##### INFORMATION GIVEN #####
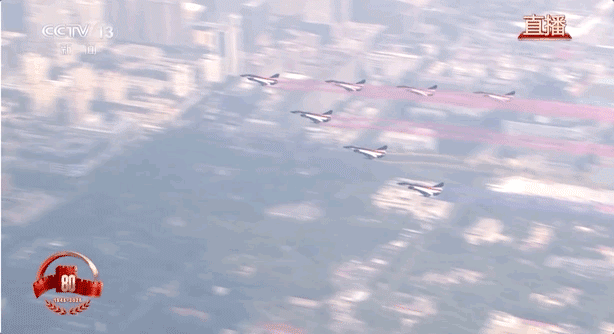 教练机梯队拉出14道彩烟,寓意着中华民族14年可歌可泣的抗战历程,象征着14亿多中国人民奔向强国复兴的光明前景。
#####
##### INFORMATION GIVEN #####
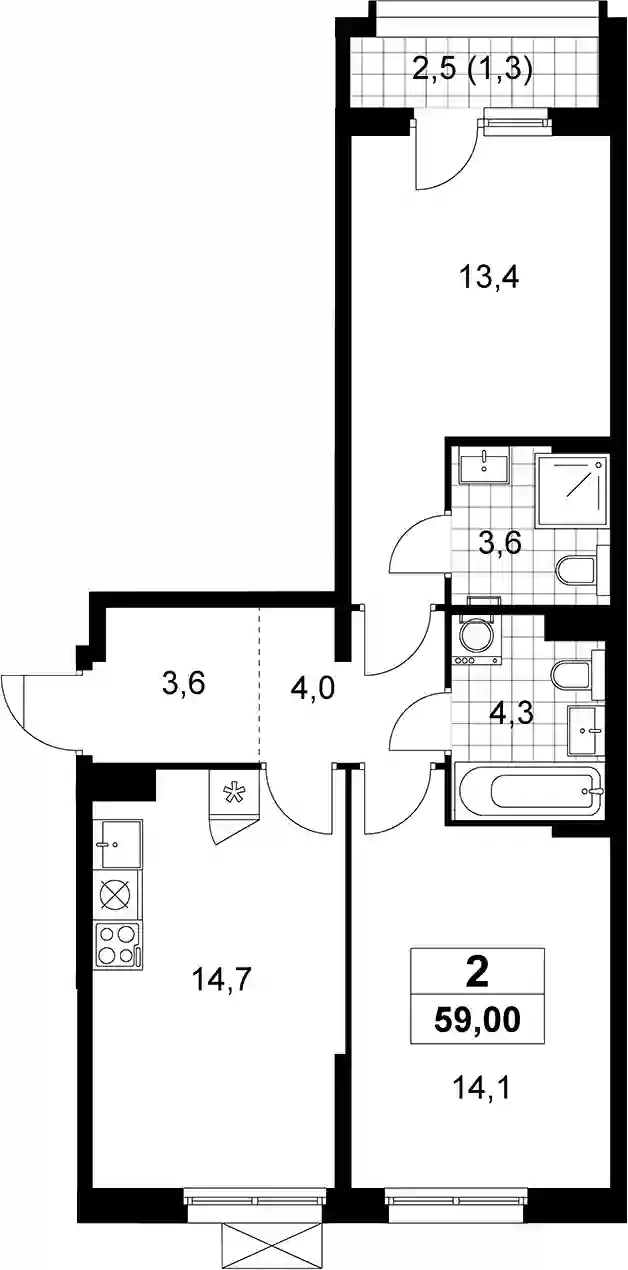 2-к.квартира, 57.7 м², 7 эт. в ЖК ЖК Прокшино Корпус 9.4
#####
##### INFORMATION GIVEN #####
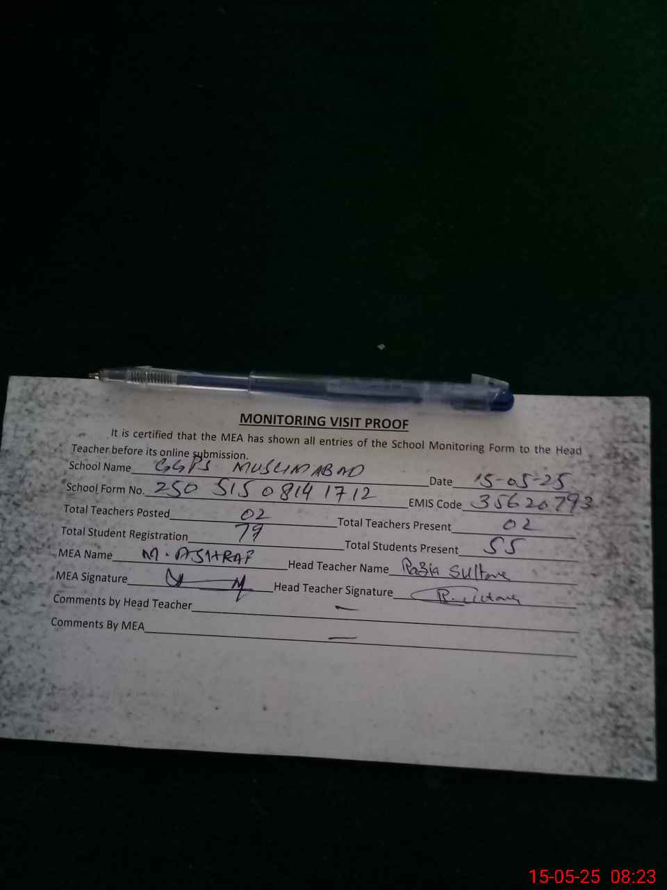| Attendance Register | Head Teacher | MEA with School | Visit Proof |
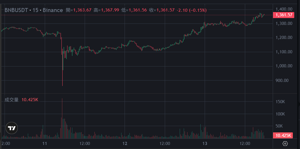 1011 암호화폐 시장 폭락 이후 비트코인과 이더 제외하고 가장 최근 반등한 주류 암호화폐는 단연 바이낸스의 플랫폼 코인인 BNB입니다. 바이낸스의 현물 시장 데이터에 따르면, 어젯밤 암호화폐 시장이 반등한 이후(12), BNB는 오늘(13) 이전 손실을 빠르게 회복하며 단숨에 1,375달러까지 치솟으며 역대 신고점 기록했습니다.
#####
# TASK DIRECTIONS
From the records above, return exactly the lines running from the one that contains "Visit Proof |" down to the one that contains "1011 암호화폐 시장", both included, without any pictures.

# SOLUTION FOR THIS EXERCISE
| Attendance Register | Head Teacher | MEA with School | Visit Proof |
 1011 암호화폐 시장 폭락 이후 비트코인과 이더 제외하고 가장 최근 반등한 주류 암호화폐는 단연 바이낸스의 플랫폼 코인인 BNB입니다. 바이낸스의 현물 시장 데이터에 따르면, 어젯밤 암호화폐 시장이 반등한 이후(12), BNB는 오늘(13) 이전 손실을 빠르게 회복하며 단숨에 1,375달러까지 치솟으며 역대 신고점 기록했습니다.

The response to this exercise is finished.